YOUR TASK> Transcribe the data that follows in full. Leave out the pictures.

DATASET EXTRACT>
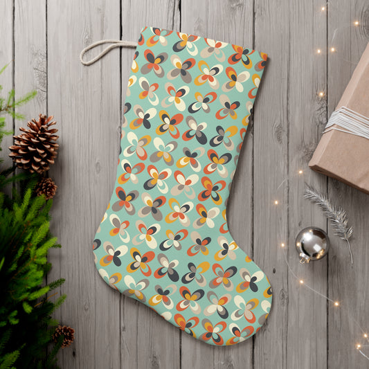 Retro Scandi Mid Century Inspired Danish Flowers Mint Green Christmas Stocking
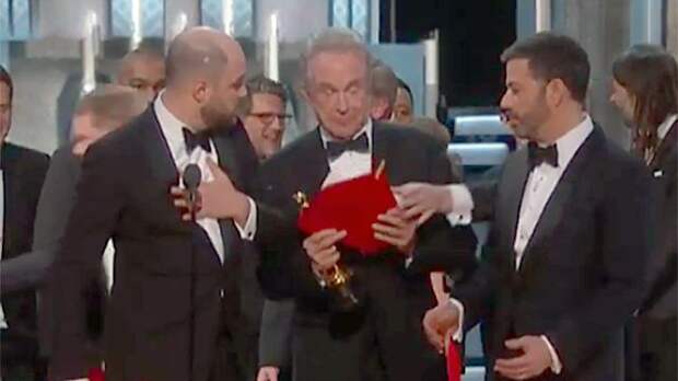 Актер смутился и передал записку своей напарнице Фэй Данауэй, которая и объявила победителем мюзикл Дэмьена Шазелла.Всего несколько минут спустя выяснилось, что настоящим победителем стал фильм "Лунный свет", а первый конверт попал в руки Уоррена Битти по ошибке.
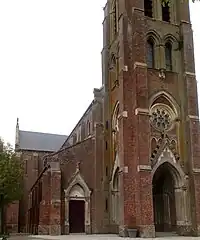 La nouvelle église fut construite à l’initiative de l'abbé L. Couvreur, curé de la paroisse de 1881 à 1905, en brique en style néo-gothique très prisé à l'époque, selon un plan basilical traditionnel avec nef à deux bas-côtés, transept et chœur. Le clocher-porche est surmonté d'un toit en flèche. La façade principale est percée de trois portails ; le portail central est abrité par un porche surmonté du clocher.
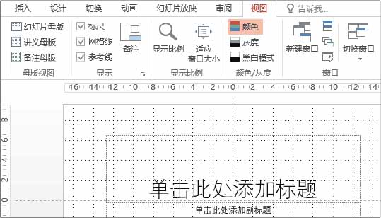 在编辑幻灯片时,标尺主要用于对齐或定位各对象,而使用网格和参考线可对对象进行辅助定位。网格指幻灯片中显示的方格,每个方格之间的距离为设置的间距值。参考线是幻灯片中央的水平和垂直虚线。下面讲解如何显示和隐藏标尺、网格线和参考线。
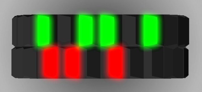 Time can be displayed either in binary mode (hours in red, minutes in green), or in 12-5-9 mode (show hours first, then tens of minutes, then single minutes). In binary mode, there is an option for 12-hour or 24-hour display, and, with the 24-hour option selected, the hour LED with a value of 16 can be lit.

RESPONSE TO THE TASK>
 Retro Scandi Mid Century Inspired Danish Flowers Mint Green Christmas Stocking
 Актер смутился и передал записку своей напарнице Фэй Данауэй, которая и объявила победителем мюзикл Дэмьена Шазелла.Всего несколько минут спустя выяснилось, что настоящим победителем стал фильм "Лунный свет", а первый конверт попал в руки Уоррена Битти по ошибке.
 La nouvelle église fut construite à l’initiative de l'abbé L. Couvreur, curé de la paroisse de 1881 à 1905, en brique en style néo-gothique très prisé à l'époque, selon un plan basilical traditionnel avec nef à deux bas-côtés, transept et chœur. Le clocher-porche est surmonté d'un toit en flèche. La façade principale est percée de trois portails ; le portail central est abrité par un porche surmonté du clocher.
 在编辑幻灯片时,标尺主要用于对齐或定位各对象,而使用网格和参考线可对对象进行辅助定位。网格指幻灯片中显示的方格,每个方格之间的距离为设置的间距值。参考线是幻灯片中央的水平和垂直虚线。下面讲解如何显示和隐藏标尺、网格线和参考线。
 Time can be displayed either in binary mode (hours in red, minutes in green), or in 12-5-9 mode (show hours first, then tens of minutes, then single minutes). In binary mode, there is an option for 12-hour or 24-hour display, and, with the 24-hour option selected, the hour LED with a value of 16 can be lit.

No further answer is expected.